# WHAT YOU SHOULD DO
The required answer is an exact copy of every line from the beginning of the entries through the line with "Стъклена карикатура на мъж с катамаран", with all pictures omitted.

# Saved data entries
——————————

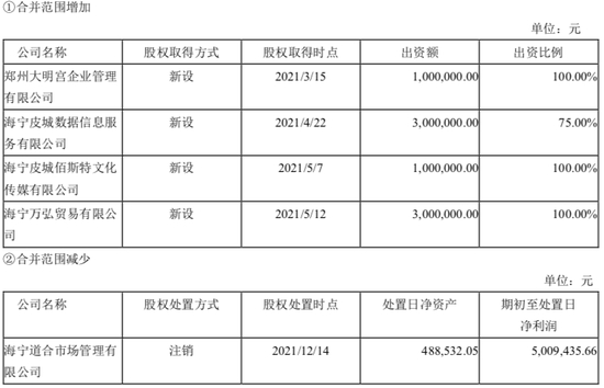 在2021年8月19日,皮革城投资公司以346万元购买了其1%的股权,加上此前持有的40%股权,购买后持有41%,为控股股东,将其纳入合并报表。民间融资中心是海宁市唯一一家民间融资服务企业,主要从事民间资金供需双方的匹配业务,声称致力于缓解小微企业融资难和民间资金投资难两难问题。
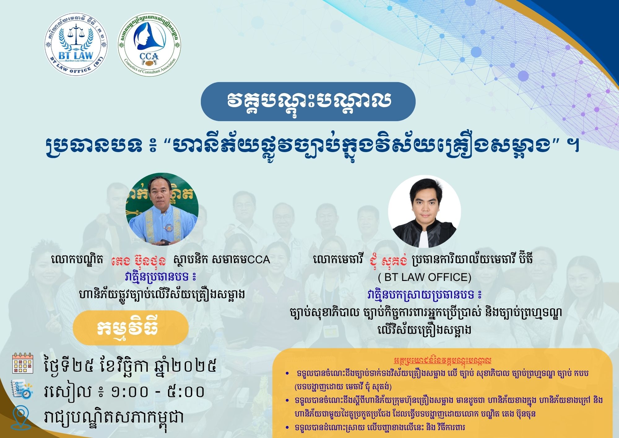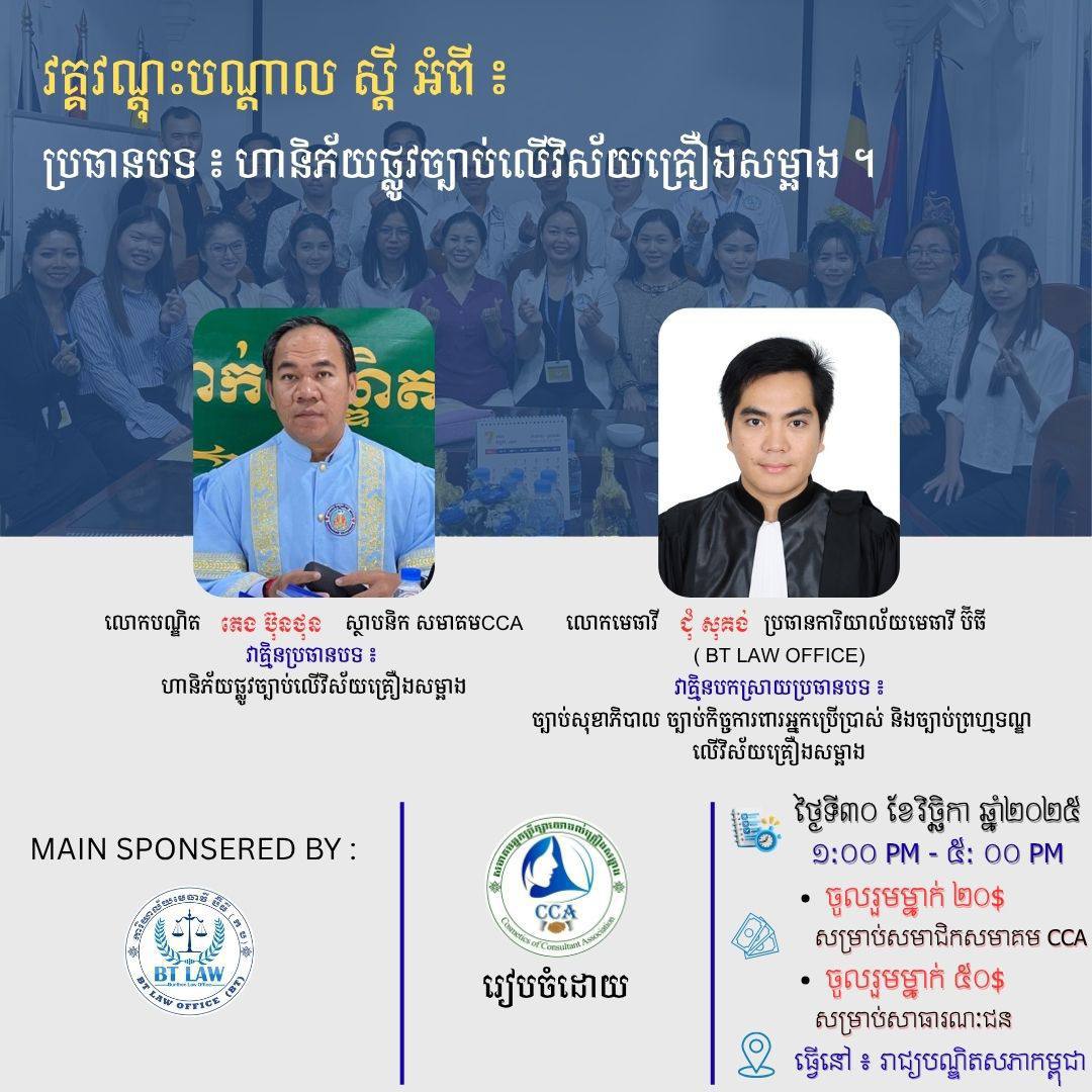 សមាគមអ្នកប្រឹក្សាយល់បល់គ្រឿងសម្អាងCCA និងបើកវគ្គបណ្តុះបណ្តាលស្តីអំពី “ហានិភ័យផ្លូវច្បាប់លើវិស័យគ្រឿងសម្អាងនៅកម្ពុជា” ធ្វើនៅថ្ងៃទី៣០ ខែវិច្ឆិកា ឆ្នាំ២០២៥ ខាងមុខនេះ ។
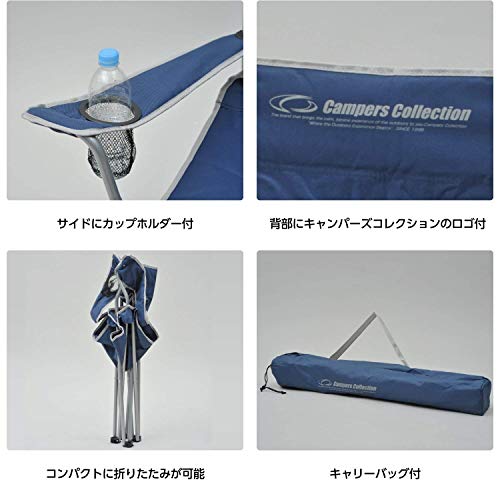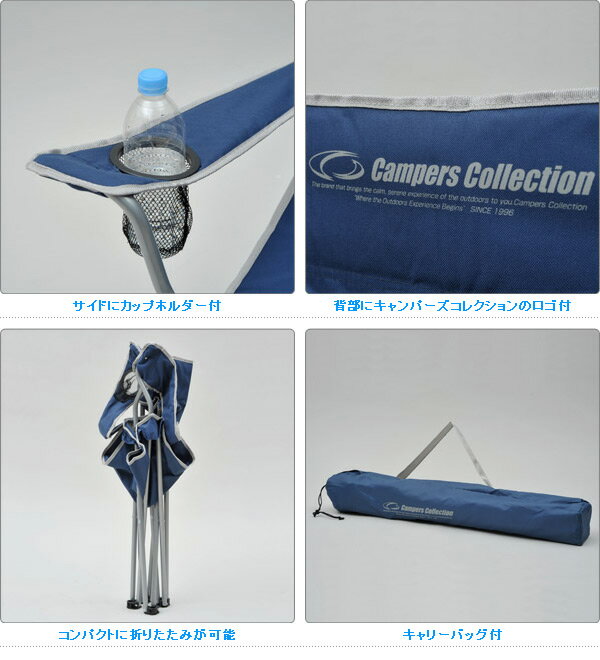 アウトドアレジャーで快適に座る事が出来るアウトドアチェアになります。不必要時はコンパクトに折りたたみする事が出来て、付属されているキャリーバッグへと収納して簡単に持ち運ぶ事ができますので便利です。また本体正面にはキャンパーズコレクションのロゴが入っていておしゃれなので口コミでの人気も高い折りたたみ椅子です。
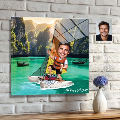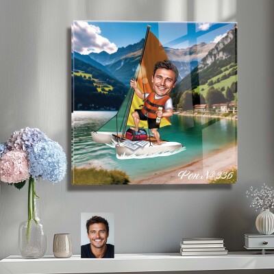 Стъклена карикатура на мъж с катамаран
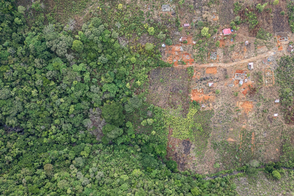 An aerial view of houses encroaching next to the Tacugama Chimpanzee Sanctuary in Freetown, on April 24, 2025.
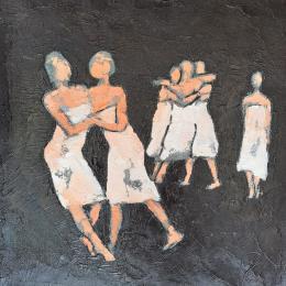 « Pour Corinne Malfreyt s’inspirant de la chorégraphie de Pina BAUSCH « Le sacre du printemps » d’Igor STRAVINSKY, l’espace entre les corps est encore de la danse. Elle installe sur ses toiles une architecture de rythmes et de nuances chromatiques, déclinaison de gris parfois ponctuée de rouges résonnances où l’élan des danseurs cherche et trouve sa place. Correspondance du fond et des formes, pour rendre l’émotion ressentie, la matière colorée, dans les limites suggérées du dessin, danse, palpite et vibre en cadences harmoniques, en équilibres fragiles, l’instant de la composition.(...) Piero Cavalleri (critique d'art)
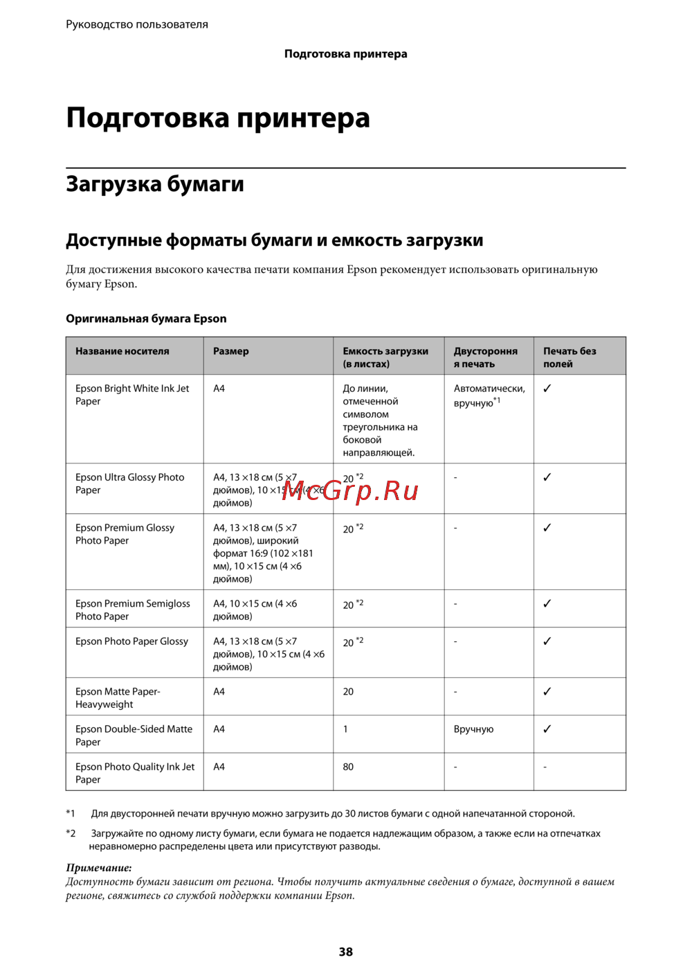 Доступность бумаги зависит от региона. Чтобы получить актуальные сведения о бумаге, доступной в вашем
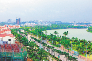 | 琼海市万泉河畔,房地产建设风生水起。 本报记者 张杰 摄 |

——————————

# FINISHED EXERCISE
 在2021年8月19日,皮革城投资公司以346万元购买了其1%的股权,加上此前持有的40%股权,购买后持有41%,为控股股东,将其纳入合并报表。民间融资中心是海宁市唯一一家民间融资服务企业,主要从事民间资金供需双方的匹配业务,声称致力于缓解小微企业融资难和民间资金投资难两难问题。
 សមាគមអ្នកប្រឹក្សាយល់បល់គ្រឿងសម្អាងCCA និងបើកវគ្គបណ្តុះបណ្តាលស្តីអំពី “ហានិភ័យផ្លូវច្បាប់លើវិស័យគ្រឿងសម្អាងនៅកម្ពុជា” ធ្វើនៅថ្ងៃទី៣០ ខែវិច្ឆិកា ឆ្នាំ២០២៥ ខាងមុខនេះ ។
 アウトドアレジャーで快適に座る事が出来るアウトドアチェアになります。不必要時はコンパクトに折りたたみする事が出来て、付属されているキャリーバッグへと収納して簡単に持ち運ぶ事ができますので便利です。また本体正面にはキャンパーズコレクションのロゴが入っていておしゃれなので口コミでの人気も高い折りたたみ椅子です。
 Стъклена карикатура на мъж с катамаран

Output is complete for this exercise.